Adam Blanchard by Keep Texas Trucking Coalition via YouTube
“What’s really killing us is the day-in and day-out claims with these overinflated medical bills,” said Adam Blanchard, co-owner of Double Diamond Transport, a 90-truck dry van operation based in San Antonio. “They’re driving up the cost of these claims, which in turn is causing our insurance premiums to go up so quickly — so much that we can’t afford to continue to maintain our liability insurance. It’s literally putting companies out of business every single day.”
Blanchard, a former practicing attorney, added: “In the last four years, our insurance premiums have gone up 75% or 80%. I pay $1 million a year in insurance premiums. It’s not a cost that we can just pass on to our customers. It feels like you’re standing in quicksand.”
Blanchard said if his company is to blame for an accident he’s “100% happy to pay for any cost associated with getting that person well. But I think it’s fundamentally wrong to have a scenario where not only am I paying for medical bills, but I’m paying for false medical bills that have turned into a profit center.”
TTA attorney Greene agrees.
“My perception and those on the trucking companies’ defense side is that plaintiff lawyers have a network of health care providers that they routinely refer their patients to,” he said. “We see the same health care providers over and over again and they’re the ones that are designated as the experts by the plaintiff attorneys.”
“A few years ago we had a catastrophic accident, where people were treated and released, and it ended up being an over $1 million loss,” said Lincoln Thompson, co-owner of Atlanta, Texas-based, Duncan Thompson Transportation, a fuel hauler with 19 trucks.

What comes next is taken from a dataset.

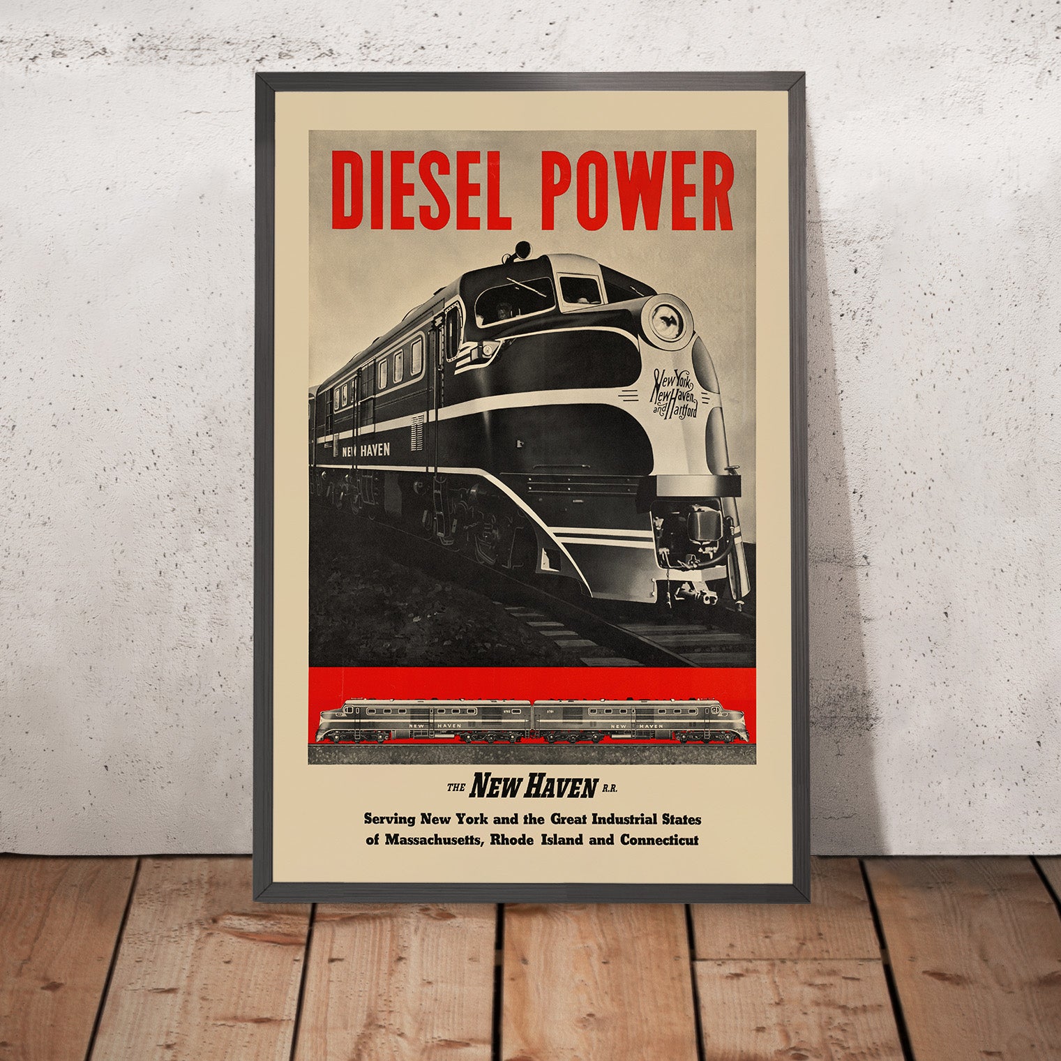 Why this subject matters: dieselization transformed travel in the Northeast, powering express services between New York and hubs such as New Haven, Hartford, Providence, and beyond. The poster itself proudly states the service area—“Serving New York and the Great Industrial States of Massachusetts, Rhode Island and Connecticut”—making it a perfect memento for anyone with ties to these places.

A significant portion of that jury award was for medical costs. Thompson said his company’s insurance premiums have gone up 200% in the last four to five years as a result of lawsuits. “If it keeps going up it’s going to price us out,” he said. “We don’t have near the same amount of insurance people who bid for our business as we used to.”

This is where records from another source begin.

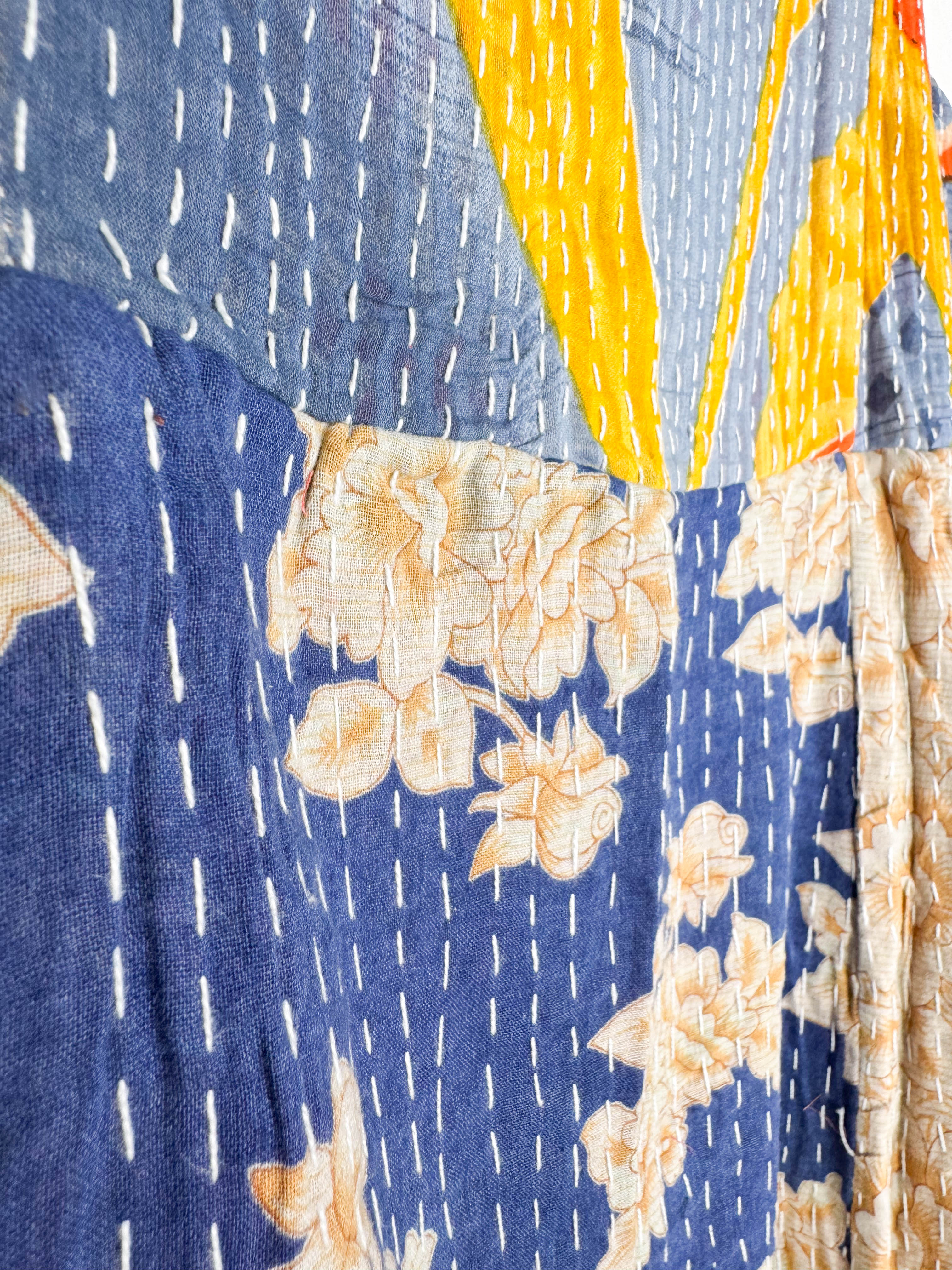 Envelop yourself in the artistry of this vintage Kantha dress. Each running stitch tells a story across the lightweight fabric, creating a unique texture and a beautifully airy feel. A long slit graces the left side, adding a touch of distinctive charm. Experience the seamless harmony of traditional hand craftsmanship and everyday ease to enhance your Playful feminine essence every day!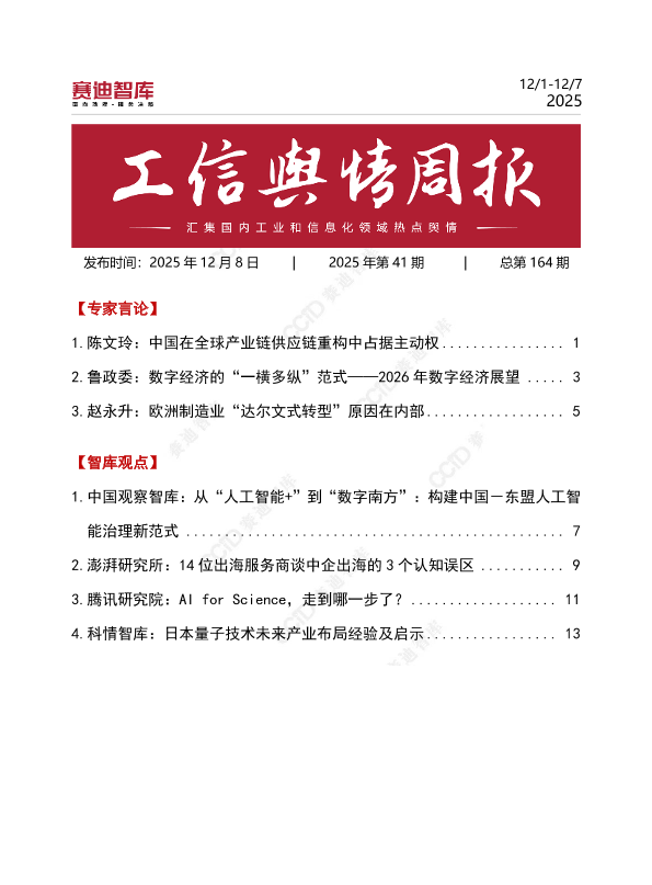 【中国观察智库&澎湃研究所&腾讯研究院&科情智库】【202512】2026年数字经济展望,中国在全球产业链供应链重构中占据主动权,欧洲制造业“达尔文式转型”原因在内部,构建中国-东盟人工智能治理新范式,中企出海的3个认知误区,AI for Science,走到哪一步了?,日本量子技术未来产业布局经验及启示-16页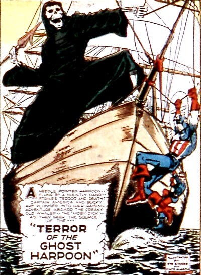 Ужаснулись? Хорошо! Идём дальше, в комикс Captain America Comics #39. В истории под названием «Ужас Призрачного Гарпуна» рядовой Роджерс и «сын полка» Барнс в увале отправляются порыбачить в Нантакет, что в Массачусетсе, а там местные поговаривают о Призрачном Гарпуне, который убивает рыбаков. Капитан Америка и Бакки берутся за расследование – и выясняют, что нет никаких призраков, а есть мошенники с гениальным стартапом. Вырядившись в костюм призрака, они убивают рыбаков, после чего те, кто ещё не погиб, продают мошенникам свои корабли задёшево. В стычке с Капитаном Америкой один мошенник тонет, второй падает с большой высоты и убивается. Во второй истории беспредельничают байкеры, японская банда «Всадников смерти», они похищают дочь владельца оружейного завода. Капитан Америка и Бакки находят логово банды и легко с байкерами разбираются. На сей раз обходится без убийств.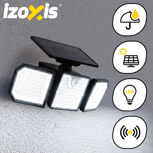 Puissante lampe solaire IZOXIS avec 167 LED et une luminosité de 500 lm pour éclairer fiablement le jardin, l’entrée, la façade ou l’allée. Grâce au panneau solaire 5,5 V / 1,5 W et à la batterie 1800 mAh, elle se recharge pendant la journée et s’allume automatiquement à la tombée de la nuit. Capteur de mouvement, capteur crépusculaire et 3 modes assurent un éclairage uniquement lorsque c’est nécessaire. L’indice IP65 et les projecteurs latéraux garantissent une large couverture et une longue durée de vie, sans câbles ni coûts d’électricité.
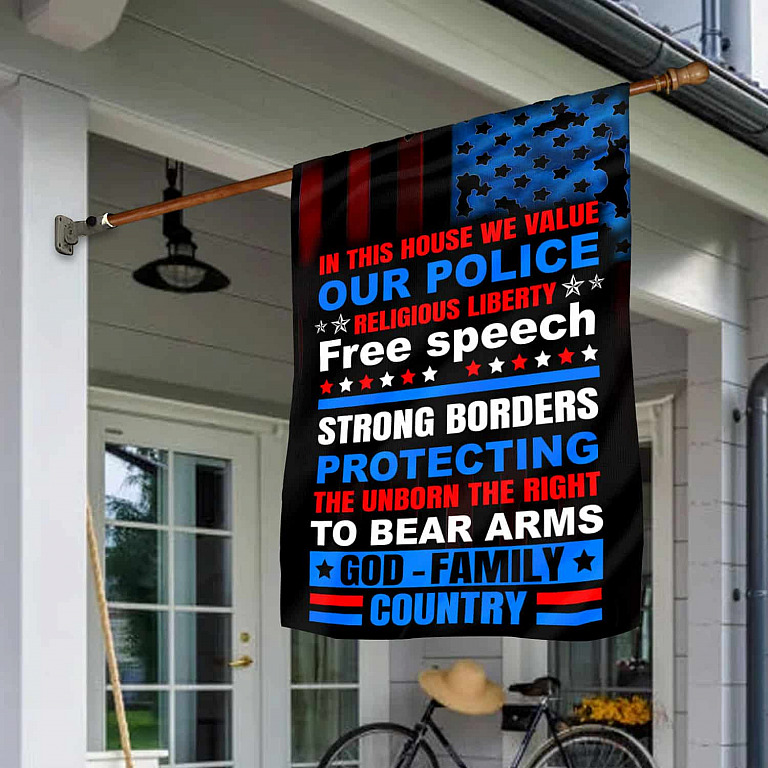 Let’s Shop In This House We Value Our Police Religious Liberty Free Speech Garden Flag – Patriotic Conservative House Flag!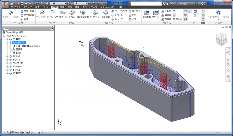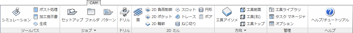 最初の加工操作を作成するには、[CAM]ツールバーからツールパス加工法のいずれかを選択します。必然的に必要となるツールパスの種類は、パーツの図形によって異なります。個々の加工方法の詳細については、Autodesk HSM のヘルプ トピック「2D 加工法について」および「3D 加工法について」を参照してください。

Lee Parsley by Keep Texas Trucking Coalition via YouTube
Lee Parsley, general counsel for the group Texans for Lawsuit Reform, said his organization has hoped for some time that the state’s judges would rectify the problem of inflated medical bills..
“We decided after studying it, looking at the data, that the system was not going to fix itself and that it’s going to take legislative action to right the ship,” Parsley said. “The way these cases are being tried in courthouses in Texas has just become fundamentally unfair to defendants.”

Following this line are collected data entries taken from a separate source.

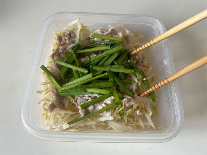 「豚ポンもやし」のレンジ加熱をした後、ポン酢じょうゆを入れる前の熱いうちに3cm長さに切ったニラ(20g)を加えて混ぜ合わせます。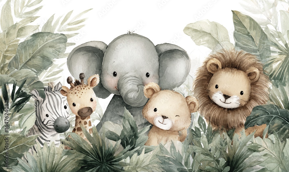 Fototapety Trendy - AKWARELOWE ILUSTRACJE UROCZYCH ZWIERZĄT Z SAWANNY #1647624083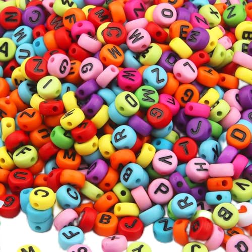 SUTOUG 1 000 stycken A-Z bokstavspärlor, 4 x 7 mm färgglada pärlor att trä upp, runda akrylpärlor för armband, smycken, gör-det-själv, tillverkning, hantverk, halsband, ornament, hänge, tillbehör,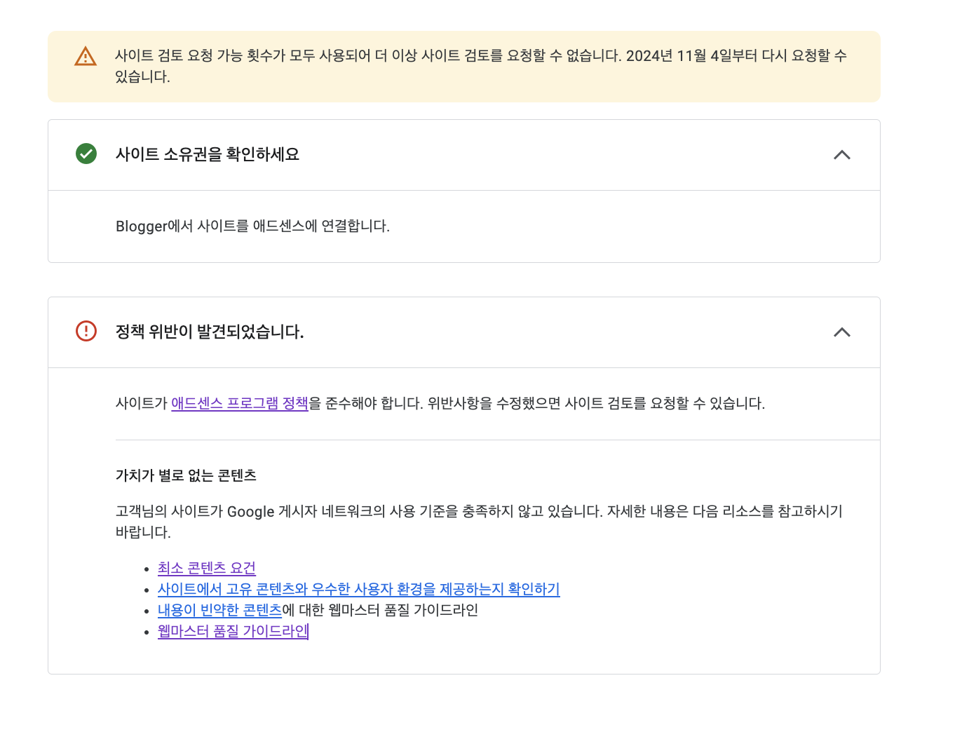 추가적인 정보가 나오면 또 업데이트 하겠습니다. 2024년 10월말에는 애드센스 승인을 희망해봅니다.

Parsley added: “We think the evidence is kind of overwhelming at this point that doctors are working to make the highest possible medical bills to put into evidence. They are tending to overdiagnose.”
Juan Roberto Fuentes, of the San Antonio-based Fuentes Firm, described as “deeply troubling” the implication that lawyers and doctors are working together to make financial arrangements that result in inflating a plaintiff’s purported debt. “It implicates the integrity of our justice system and patient care,” he said.
Fuentes, who defends trucking companies involved in crashes, said he was once involved in a lawsuit in which a medical provider working with a plaintiff attorney billed the injured plaintiff $14,290 for a procedure that normally costs less than $400, and billed $3,893 for a back brace that is available for less than $150.
“The lawyer-referred doctors oftentimes have an extensive working relationship whereby the doctor understands the ultimate objective of maximizing the amount of the claim, which means there is incentive to overtreat and overbill,” Fuentes wrote in an account of a recent case posted on his website. “These medical providers also have an arrangement whereby their payment is ultimately contingent on the outcome of the case, meaning that there will be incentive to attribute unrelated medical findings and conditions to the claim.”